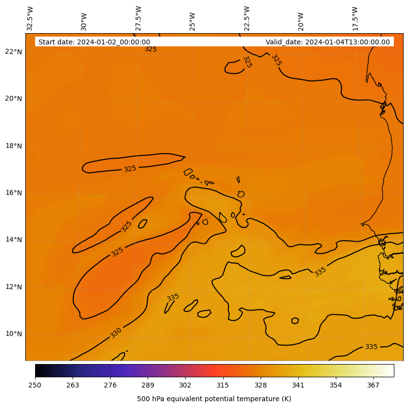 - Equivalent Potential Temperature (K)
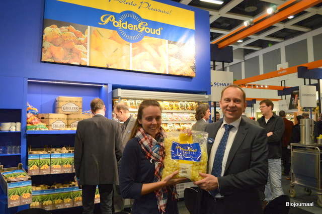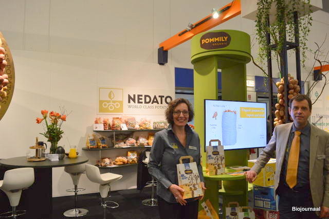 Pommily levert ongewassen biologische aardappelen die na de oogst ter plaatse verpakt worden. Vicky Leemans en Heero Gramsma poseren naast het assortiment.
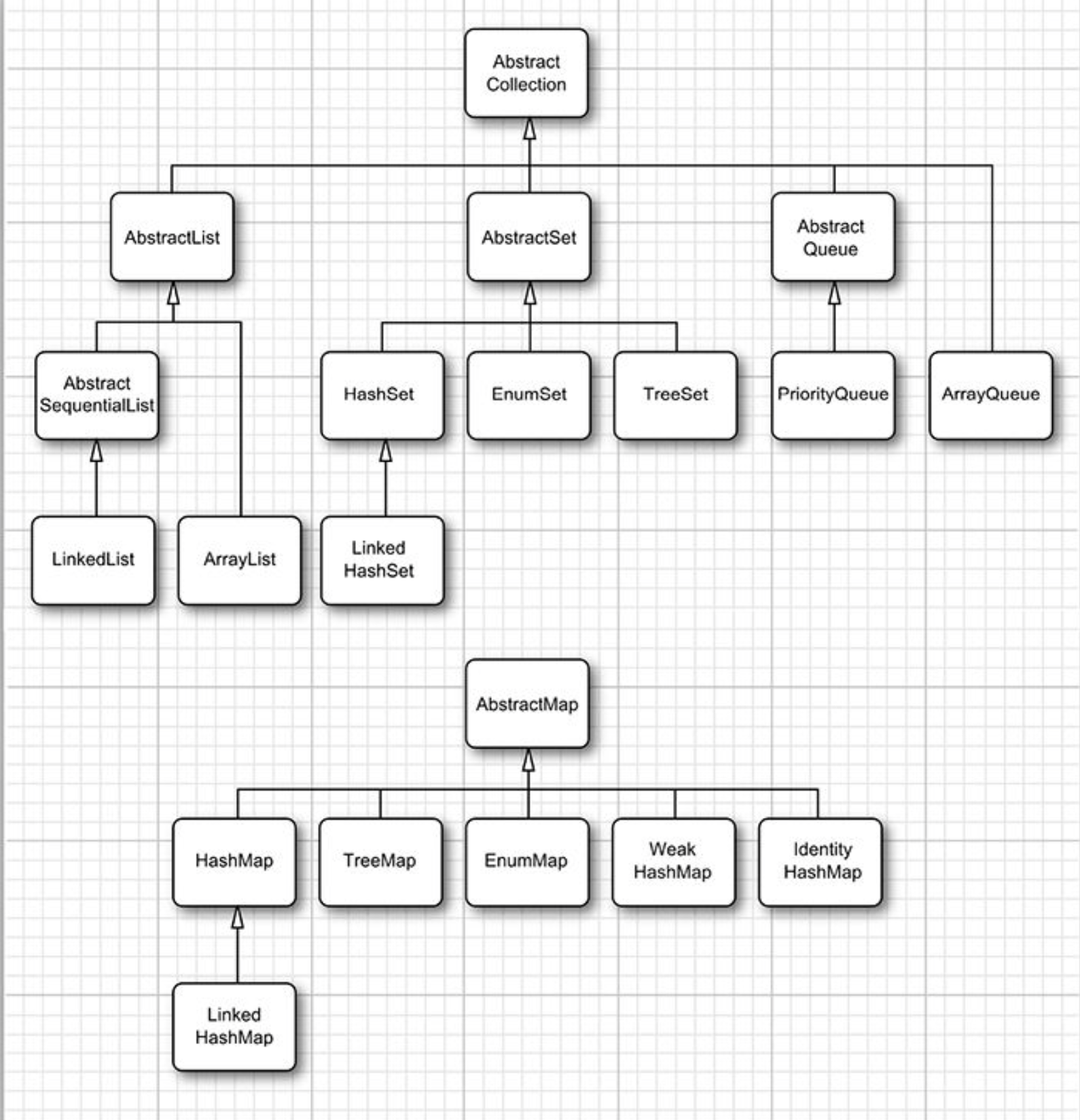 这里,接口不负责实现类的真实效率。其它以Abstract开头的类是为(库)集合的实现者准备的,如果我们想自己实现一个集合的数据结构,那么继承这些类要比直接去实现接口的所有方法更容易

........

§ **PROBLEM TO SOLVE**: Reproduce the whole listing above character for character; pictures do not belong in it.

§ **RESULT OF THE EXERCISE**:
 - Equivalent Potential Temperature (K)
 Pommily levert ongewassen biologische aardappelen die na de oogst ter plaatse verpakt worden. Vicky Leemans en Heero Gramsma poseren naast het assortiment.
 这里,接口不负责实现类的真实效率。其它以Abstract开头的类是为(库)集合的实现者准备的,如果我们想自己实现一个集合的数据结构,那么继承这些类要比直接去实现接口的所有方法更容易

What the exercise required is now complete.